I don't mean to leave out all those wonderful people who have supported me over the years while I wrestle with my weight. My family and my friends and online friends have been great and very supportive! Without them, I wouldn't have kept going for so long, I probably would have given up! Maybe it was just the right time for me, and he just said the right words at this time that they had such an impact on me.

Tuesday, September 2, 2008

Just another Manic Monday

ok, well, it's really Tuesday, but the effect is still the same...the start of another week!

I gotta tell ya, I had a great weekend! It was mostly spent at home, but I did go out to a friend's house on Saturday to watch the Cubs game, had dinner there and then went to see Martina McBride!! I have always wanted to see her in concert and she was as great as I had hoped! Her voice is just incredible! I don't know how she doesn't lose her voice all the time, she sings with such power and passion! The rest of the weekend, however was spent doing things around the house. I love going out and seeing my friends, but I've found I equally love staying in and working around my house (still can't get used to that yet!)

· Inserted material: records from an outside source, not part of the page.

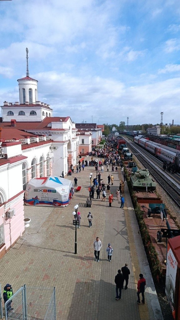 Сегодня, 28 апреля, в 14:10 в Йошкар-Олу приехал мемориальный «Поезд Победы». Прямо сейчас он отправляется дальше.
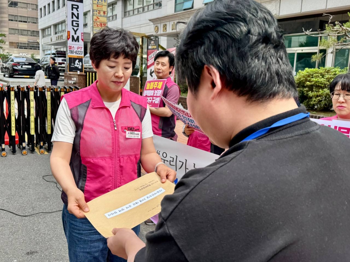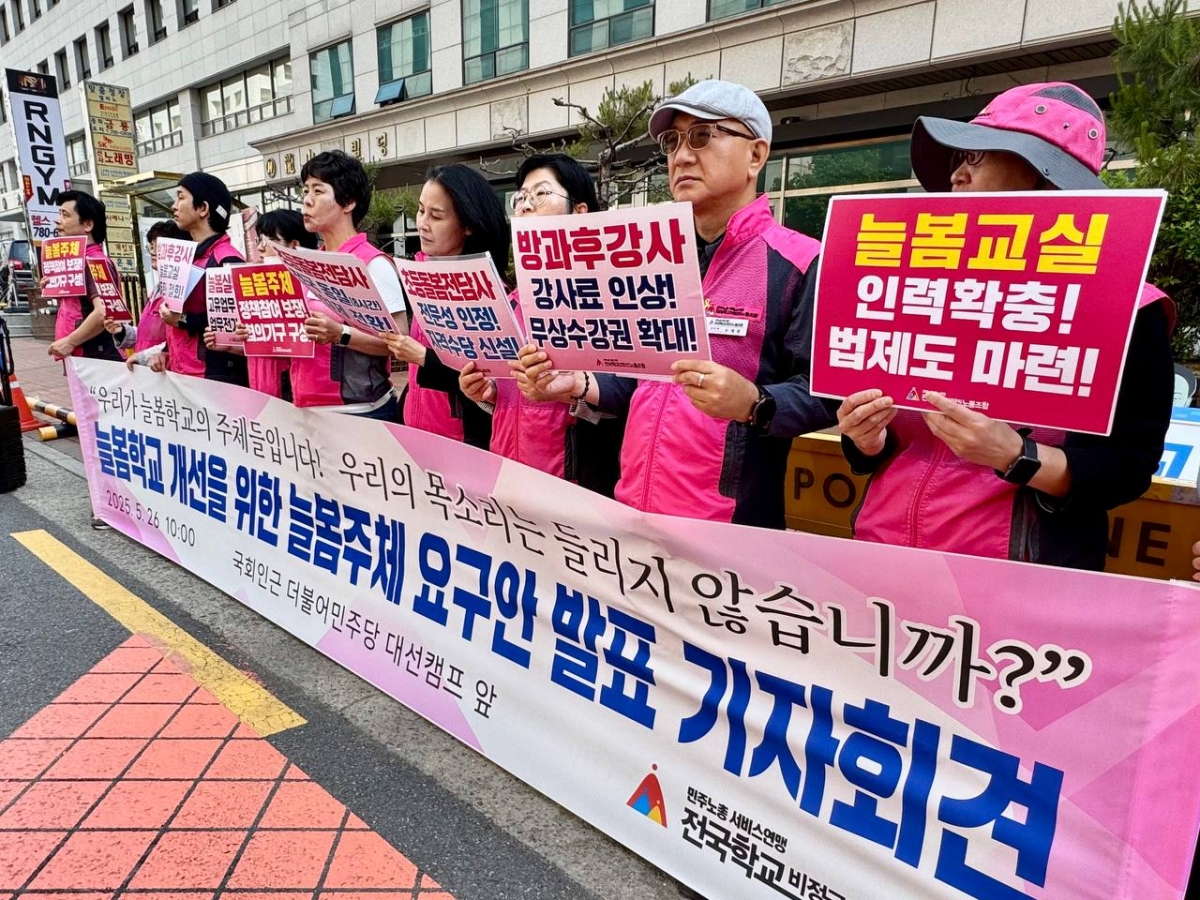 전국학교비정규직노동조합은 어제(26) 서울 여의도 국회 인근 민주당 선대위 앞에서 늘봄학교 개선을 위한 늘봄주체 요구안 발표 기자회견을 열었다.
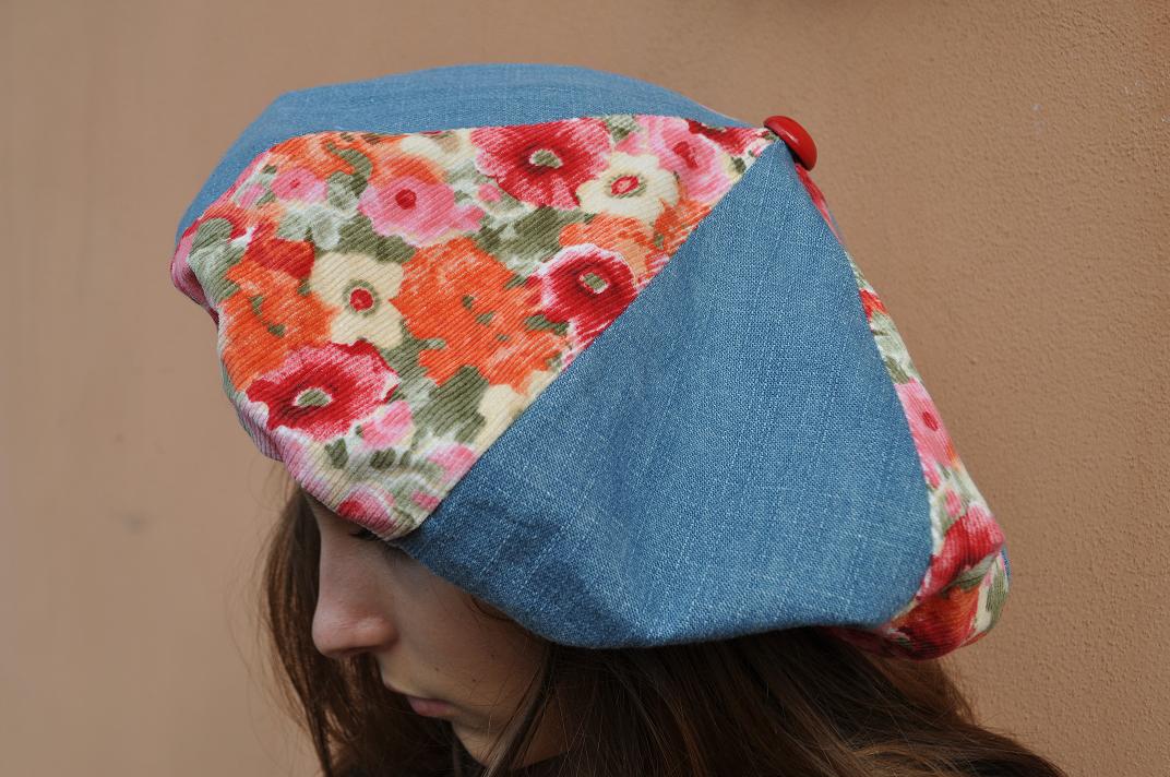 cappello realizzato ai ferri di lana con vari filati fantasia
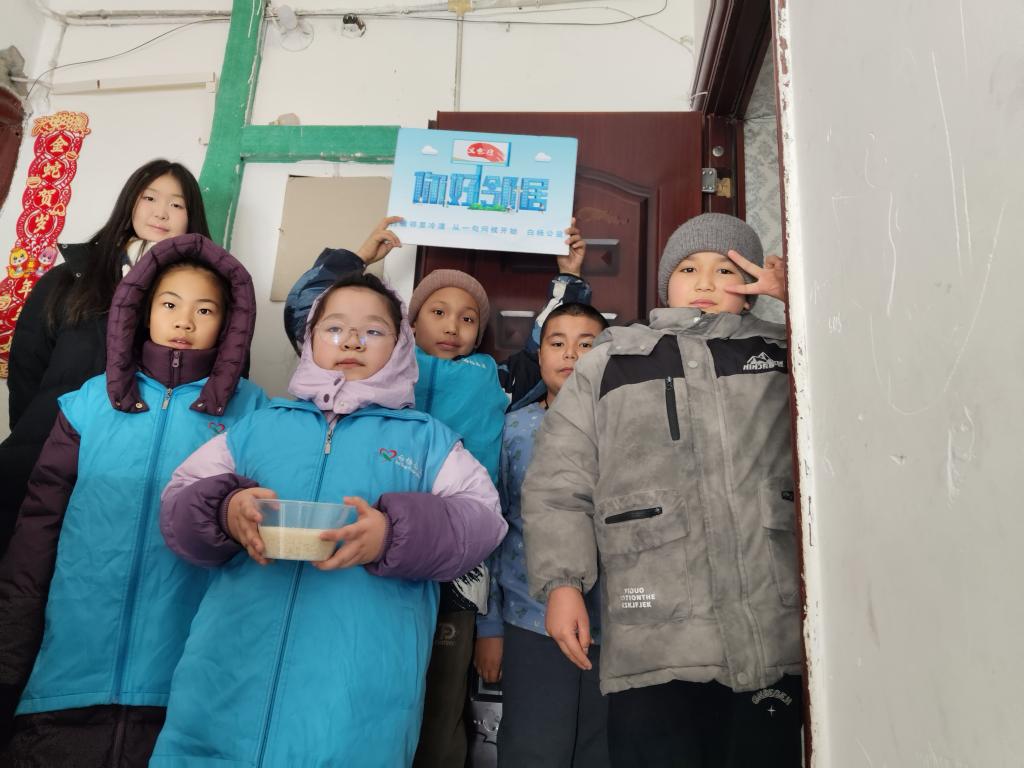 活动第二天,志愿者与孩子们一同将首日收集的米粮熬制成香甜软糯的腊八粥,下午带着一碗碗热粥,送到社区快递员、环卫工人等一线工作者手中,为寒冬里的城市守护者送去暖心关怀。
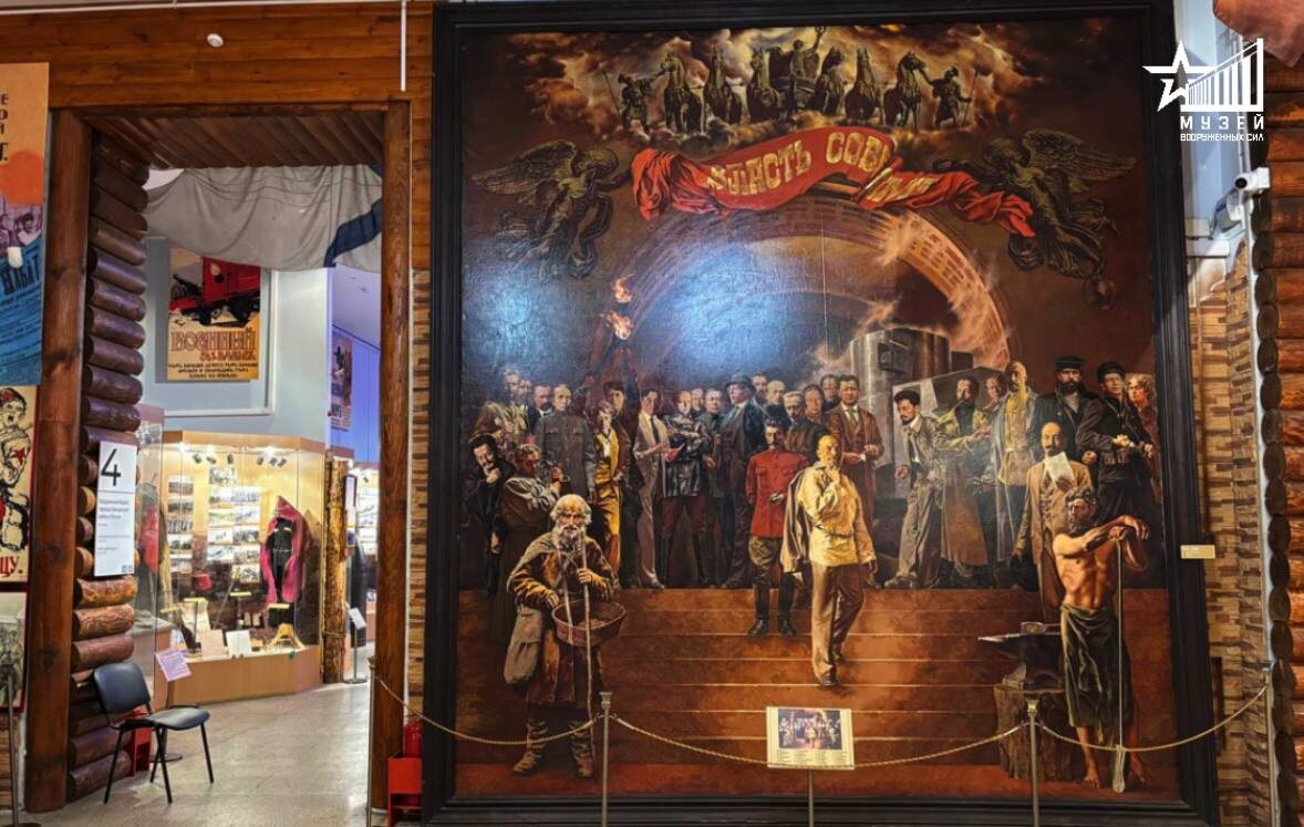 Картину «Власть — Советам» из этой публикации в зале №4 нашего музея написал советский и российский живописец, педагог, художник студии военных художников имени М. Б. Грекова С. Н. Присекин
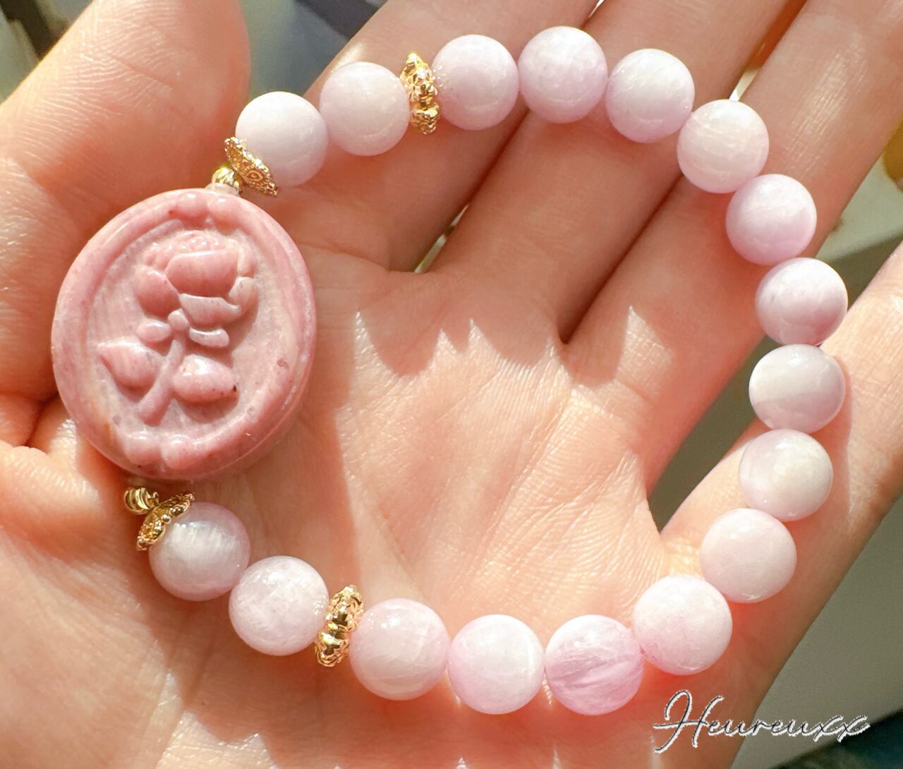 DB-287♡クンツァイト ロードナイト 薔薇 カメオ風 ブレスレット♡
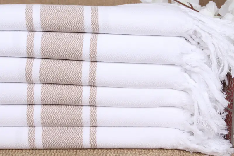 Organic cotton fibers ensure high absorbency and quick drying, making these towels ideal for various uses. The towels are characterized by their 40x71 inches dimensions and a weight of approximately 290 grams. These properties are ensured through precise hand-weaving techniques, allowing for a tolerance of ± 2 inches or 5 centimeters in size.
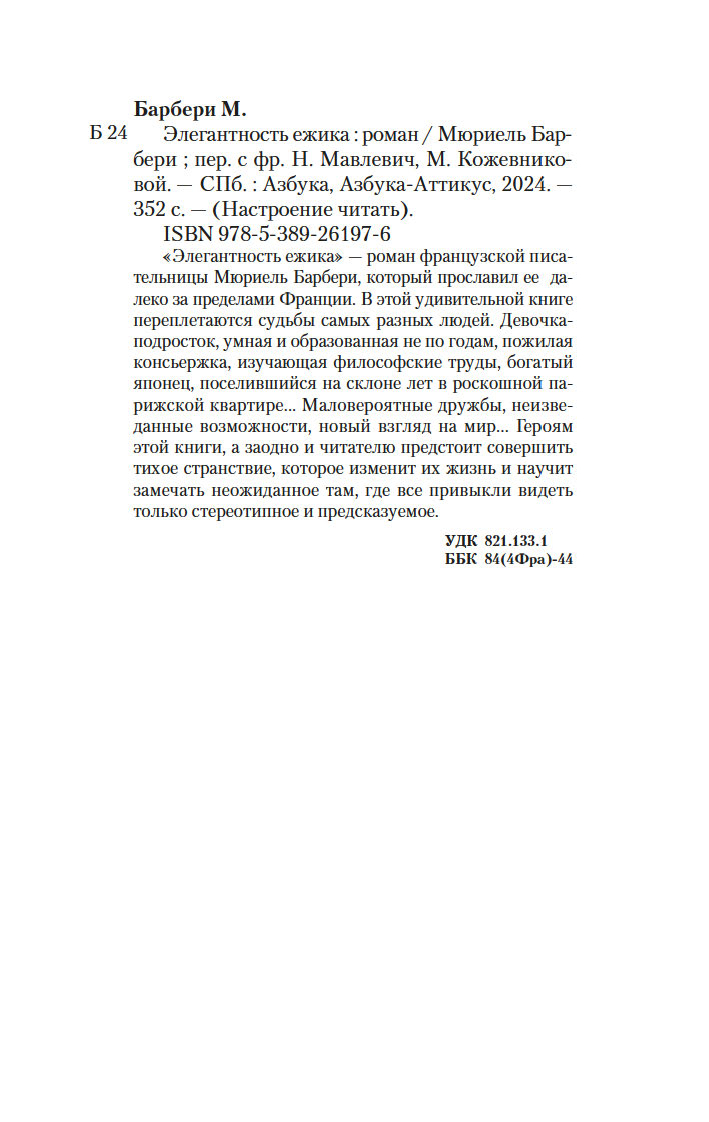 "Элегантность ежика" – роман французской писательницы Мюриель Барбери, который прославил ее далеко за пределами Франции. В этой удивительной книге переплетаются судьбы самых разных людей. Девочка-подросток, умная и образованная не по годам, пожилая консьержка, изучающая философские труды, богатый японец, поселившийся на склоне лет в роскошной парижской квартире... Маловероятные дружбы, неизведанные возможности, новый взгляд на мир... Героям этой книги, а заодно и читателю предстоит совершить тихое странствие, которое изменит их жизнь и научит замечать неожиданное там, где все привыкли видеть только стереотипное и предсказуемое.

I've gotten back to some of my walking again, which is good! Allison had a great idea of walking before work, so of course this morning when I went to hit snooze, I turned it off instead, woke up too late and left no time for walking. But tomorrow, it's on!

I have a great meal plan for today, and a very long day here at school, but I am prepared with food from home and will not stray to the various fast food joints around here. As long as I make a plan, it's easier for me to stay focused and on track.